(Collected data)

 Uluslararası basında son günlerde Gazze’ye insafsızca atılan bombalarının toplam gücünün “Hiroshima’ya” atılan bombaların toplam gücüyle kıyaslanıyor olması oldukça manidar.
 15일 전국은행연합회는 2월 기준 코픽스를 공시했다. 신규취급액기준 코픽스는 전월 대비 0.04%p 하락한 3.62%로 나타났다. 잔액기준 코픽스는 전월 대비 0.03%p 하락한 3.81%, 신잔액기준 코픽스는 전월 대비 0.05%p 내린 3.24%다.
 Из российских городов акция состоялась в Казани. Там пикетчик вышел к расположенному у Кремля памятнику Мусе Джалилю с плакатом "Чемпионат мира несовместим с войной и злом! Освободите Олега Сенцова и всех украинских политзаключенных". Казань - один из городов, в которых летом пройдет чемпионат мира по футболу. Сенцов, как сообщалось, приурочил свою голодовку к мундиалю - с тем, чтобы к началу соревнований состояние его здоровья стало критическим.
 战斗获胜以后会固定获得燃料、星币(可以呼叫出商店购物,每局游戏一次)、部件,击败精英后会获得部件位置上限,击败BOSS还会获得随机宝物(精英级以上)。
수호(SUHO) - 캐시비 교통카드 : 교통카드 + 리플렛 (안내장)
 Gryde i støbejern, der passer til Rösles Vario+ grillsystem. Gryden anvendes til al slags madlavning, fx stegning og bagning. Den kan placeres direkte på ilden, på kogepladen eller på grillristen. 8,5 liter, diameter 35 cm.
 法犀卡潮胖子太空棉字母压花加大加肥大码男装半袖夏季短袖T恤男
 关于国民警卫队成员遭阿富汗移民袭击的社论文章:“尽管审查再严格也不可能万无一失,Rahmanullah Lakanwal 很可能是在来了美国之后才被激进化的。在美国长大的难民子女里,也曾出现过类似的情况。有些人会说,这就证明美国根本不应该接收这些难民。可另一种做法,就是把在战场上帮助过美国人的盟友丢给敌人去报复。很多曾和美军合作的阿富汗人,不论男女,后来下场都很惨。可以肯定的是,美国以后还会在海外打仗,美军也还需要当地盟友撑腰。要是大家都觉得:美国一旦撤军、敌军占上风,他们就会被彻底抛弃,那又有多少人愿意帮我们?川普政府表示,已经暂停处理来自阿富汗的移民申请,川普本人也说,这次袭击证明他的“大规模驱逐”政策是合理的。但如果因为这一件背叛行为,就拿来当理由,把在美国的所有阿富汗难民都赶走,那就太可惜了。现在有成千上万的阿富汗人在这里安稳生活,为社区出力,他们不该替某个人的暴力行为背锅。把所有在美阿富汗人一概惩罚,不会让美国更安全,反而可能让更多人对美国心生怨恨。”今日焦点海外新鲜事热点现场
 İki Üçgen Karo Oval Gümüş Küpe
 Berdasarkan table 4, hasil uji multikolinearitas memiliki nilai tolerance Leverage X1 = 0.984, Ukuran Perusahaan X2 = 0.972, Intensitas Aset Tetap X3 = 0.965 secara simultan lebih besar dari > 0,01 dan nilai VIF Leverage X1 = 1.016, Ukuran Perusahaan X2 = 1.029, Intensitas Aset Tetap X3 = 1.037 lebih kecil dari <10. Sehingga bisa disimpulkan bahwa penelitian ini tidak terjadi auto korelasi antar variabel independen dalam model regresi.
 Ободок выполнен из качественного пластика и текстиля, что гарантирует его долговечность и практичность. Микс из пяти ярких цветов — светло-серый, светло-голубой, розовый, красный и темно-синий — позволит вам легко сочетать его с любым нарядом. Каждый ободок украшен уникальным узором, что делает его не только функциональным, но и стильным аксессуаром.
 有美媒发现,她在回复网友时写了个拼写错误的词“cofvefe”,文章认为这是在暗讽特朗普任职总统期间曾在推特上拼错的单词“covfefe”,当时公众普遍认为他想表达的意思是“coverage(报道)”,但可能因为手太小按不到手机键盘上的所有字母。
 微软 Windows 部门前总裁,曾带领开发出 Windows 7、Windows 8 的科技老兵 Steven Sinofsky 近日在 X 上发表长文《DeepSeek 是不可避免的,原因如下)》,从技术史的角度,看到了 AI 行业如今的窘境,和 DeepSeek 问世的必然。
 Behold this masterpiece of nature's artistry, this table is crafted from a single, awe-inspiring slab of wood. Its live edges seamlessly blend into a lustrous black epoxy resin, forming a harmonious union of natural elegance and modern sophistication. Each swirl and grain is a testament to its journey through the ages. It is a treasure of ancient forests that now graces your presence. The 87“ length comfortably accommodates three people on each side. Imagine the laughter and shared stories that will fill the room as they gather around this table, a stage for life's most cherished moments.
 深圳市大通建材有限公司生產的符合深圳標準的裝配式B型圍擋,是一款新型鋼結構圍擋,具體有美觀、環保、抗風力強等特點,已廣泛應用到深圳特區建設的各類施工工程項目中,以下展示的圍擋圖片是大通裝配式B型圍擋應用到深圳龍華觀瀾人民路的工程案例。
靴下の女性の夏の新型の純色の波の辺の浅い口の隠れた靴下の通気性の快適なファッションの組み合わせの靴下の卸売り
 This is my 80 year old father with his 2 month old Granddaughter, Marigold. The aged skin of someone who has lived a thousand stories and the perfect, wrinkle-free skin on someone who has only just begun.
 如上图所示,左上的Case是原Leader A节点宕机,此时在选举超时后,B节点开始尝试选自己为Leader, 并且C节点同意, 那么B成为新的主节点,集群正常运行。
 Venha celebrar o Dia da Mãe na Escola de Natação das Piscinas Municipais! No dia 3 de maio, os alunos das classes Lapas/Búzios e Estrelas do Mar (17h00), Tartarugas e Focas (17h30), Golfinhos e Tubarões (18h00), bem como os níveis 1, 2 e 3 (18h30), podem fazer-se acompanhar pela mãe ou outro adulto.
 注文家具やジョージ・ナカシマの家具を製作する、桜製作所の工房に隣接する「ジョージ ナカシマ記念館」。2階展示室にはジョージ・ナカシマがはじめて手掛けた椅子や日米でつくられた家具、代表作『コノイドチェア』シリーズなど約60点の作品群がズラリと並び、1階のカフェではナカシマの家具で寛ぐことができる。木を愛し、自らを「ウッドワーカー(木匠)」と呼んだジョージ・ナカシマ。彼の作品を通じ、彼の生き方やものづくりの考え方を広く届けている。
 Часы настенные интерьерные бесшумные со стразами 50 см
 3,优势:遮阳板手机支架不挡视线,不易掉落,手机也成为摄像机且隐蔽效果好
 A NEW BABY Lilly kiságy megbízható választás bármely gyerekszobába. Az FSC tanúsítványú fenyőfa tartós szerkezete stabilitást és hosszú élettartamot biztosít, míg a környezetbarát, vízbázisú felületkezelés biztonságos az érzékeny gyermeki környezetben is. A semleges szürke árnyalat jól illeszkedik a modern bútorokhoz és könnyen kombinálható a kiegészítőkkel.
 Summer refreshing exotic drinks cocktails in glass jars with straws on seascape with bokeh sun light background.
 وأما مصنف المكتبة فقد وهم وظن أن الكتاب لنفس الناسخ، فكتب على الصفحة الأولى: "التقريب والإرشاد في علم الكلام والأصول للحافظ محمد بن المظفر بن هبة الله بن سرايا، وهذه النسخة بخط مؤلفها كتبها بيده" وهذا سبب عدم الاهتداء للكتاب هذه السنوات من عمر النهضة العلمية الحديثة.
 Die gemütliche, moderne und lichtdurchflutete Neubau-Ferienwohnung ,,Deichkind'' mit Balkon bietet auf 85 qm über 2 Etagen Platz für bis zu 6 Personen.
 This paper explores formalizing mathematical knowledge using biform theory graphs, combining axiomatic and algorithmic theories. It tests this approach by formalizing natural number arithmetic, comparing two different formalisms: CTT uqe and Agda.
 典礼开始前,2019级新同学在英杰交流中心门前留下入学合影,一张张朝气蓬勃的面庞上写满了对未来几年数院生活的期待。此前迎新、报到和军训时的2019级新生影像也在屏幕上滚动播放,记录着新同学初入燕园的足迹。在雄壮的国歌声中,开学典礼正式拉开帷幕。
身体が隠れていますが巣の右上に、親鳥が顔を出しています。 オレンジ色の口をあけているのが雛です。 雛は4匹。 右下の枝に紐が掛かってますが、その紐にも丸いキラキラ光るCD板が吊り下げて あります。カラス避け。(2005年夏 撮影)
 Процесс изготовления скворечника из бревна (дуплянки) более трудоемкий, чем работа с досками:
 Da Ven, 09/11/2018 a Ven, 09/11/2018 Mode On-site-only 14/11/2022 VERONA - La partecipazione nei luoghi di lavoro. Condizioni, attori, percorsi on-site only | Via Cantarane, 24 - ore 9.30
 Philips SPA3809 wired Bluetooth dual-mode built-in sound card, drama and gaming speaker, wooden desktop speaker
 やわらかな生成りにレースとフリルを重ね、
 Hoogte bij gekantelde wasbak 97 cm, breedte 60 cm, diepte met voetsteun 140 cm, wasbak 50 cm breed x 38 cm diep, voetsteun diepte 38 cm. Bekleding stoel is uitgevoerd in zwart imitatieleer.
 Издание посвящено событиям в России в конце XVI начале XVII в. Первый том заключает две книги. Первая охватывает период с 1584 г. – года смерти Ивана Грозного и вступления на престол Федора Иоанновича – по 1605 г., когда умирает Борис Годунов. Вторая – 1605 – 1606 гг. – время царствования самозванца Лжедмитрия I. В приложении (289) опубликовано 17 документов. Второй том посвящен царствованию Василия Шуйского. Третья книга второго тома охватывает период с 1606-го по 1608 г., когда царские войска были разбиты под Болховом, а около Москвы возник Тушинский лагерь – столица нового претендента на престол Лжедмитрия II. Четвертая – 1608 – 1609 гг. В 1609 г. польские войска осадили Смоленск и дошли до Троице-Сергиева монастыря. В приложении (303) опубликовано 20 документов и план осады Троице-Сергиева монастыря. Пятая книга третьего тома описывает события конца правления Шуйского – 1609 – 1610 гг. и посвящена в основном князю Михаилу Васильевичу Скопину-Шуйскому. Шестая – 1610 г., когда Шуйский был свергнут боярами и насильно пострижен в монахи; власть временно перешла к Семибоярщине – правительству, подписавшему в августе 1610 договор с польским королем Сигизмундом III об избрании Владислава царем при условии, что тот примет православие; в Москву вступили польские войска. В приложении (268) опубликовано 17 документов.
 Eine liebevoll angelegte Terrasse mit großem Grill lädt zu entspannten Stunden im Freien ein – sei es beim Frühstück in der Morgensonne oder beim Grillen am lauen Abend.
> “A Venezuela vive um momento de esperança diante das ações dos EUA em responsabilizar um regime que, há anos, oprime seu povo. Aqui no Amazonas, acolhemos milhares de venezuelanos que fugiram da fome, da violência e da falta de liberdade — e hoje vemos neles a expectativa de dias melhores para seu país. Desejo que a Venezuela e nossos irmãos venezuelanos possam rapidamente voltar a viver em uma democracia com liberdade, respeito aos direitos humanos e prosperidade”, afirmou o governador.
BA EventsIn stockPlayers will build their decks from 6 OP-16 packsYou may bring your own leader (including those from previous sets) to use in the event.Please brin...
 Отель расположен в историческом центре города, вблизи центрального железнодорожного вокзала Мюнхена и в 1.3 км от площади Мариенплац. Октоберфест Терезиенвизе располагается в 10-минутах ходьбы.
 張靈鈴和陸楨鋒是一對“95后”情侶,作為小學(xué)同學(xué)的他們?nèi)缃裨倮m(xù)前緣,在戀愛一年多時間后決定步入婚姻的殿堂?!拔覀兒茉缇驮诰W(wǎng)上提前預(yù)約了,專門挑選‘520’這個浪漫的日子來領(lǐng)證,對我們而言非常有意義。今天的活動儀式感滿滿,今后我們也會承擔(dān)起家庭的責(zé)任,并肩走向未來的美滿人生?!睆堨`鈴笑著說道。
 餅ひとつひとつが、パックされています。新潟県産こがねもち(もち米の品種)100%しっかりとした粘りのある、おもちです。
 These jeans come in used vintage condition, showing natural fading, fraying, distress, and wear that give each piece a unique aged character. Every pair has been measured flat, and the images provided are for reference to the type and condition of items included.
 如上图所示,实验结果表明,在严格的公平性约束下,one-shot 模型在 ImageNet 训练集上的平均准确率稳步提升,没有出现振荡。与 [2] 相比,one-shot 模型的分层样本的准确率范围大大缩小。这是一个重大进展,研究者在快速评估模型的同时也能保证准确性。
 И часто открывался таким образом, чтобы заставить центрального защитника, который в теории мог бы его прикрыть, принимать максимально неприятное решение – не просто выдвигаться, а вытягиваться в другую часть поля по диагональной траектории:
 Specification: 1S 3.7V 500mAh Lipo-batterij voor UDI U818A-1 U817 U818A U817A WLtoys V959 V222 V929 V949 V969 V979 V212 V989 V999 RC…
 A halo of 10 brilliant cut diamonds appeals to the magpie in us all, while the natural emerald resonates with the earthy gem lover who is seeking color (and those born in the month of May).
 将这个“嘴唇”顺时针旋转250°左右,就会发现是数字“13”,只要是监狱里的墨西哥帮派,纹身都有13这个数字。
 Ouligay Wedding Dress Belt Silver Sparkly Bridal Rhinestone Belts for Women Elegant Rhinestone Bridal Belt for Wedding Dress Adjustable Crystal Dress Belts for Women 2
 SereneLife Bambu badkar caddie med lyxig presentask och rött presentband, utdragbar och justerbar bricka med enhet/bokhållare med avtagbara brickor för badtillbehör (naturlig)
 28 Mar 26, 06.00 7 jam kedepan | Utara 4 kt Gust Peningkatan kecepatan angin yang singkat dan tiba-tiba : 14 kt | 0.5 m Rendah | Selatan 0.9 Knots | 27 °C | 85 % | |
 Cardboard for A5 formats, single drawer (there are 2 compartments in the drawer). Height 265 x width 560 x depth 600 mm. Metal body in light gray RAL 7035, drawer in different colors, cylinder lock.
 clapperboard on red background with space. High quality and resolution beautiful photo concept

* [About this task]: Above are lines of data; count those that hold "background" and answer with the number only.

* [Task solution]: 2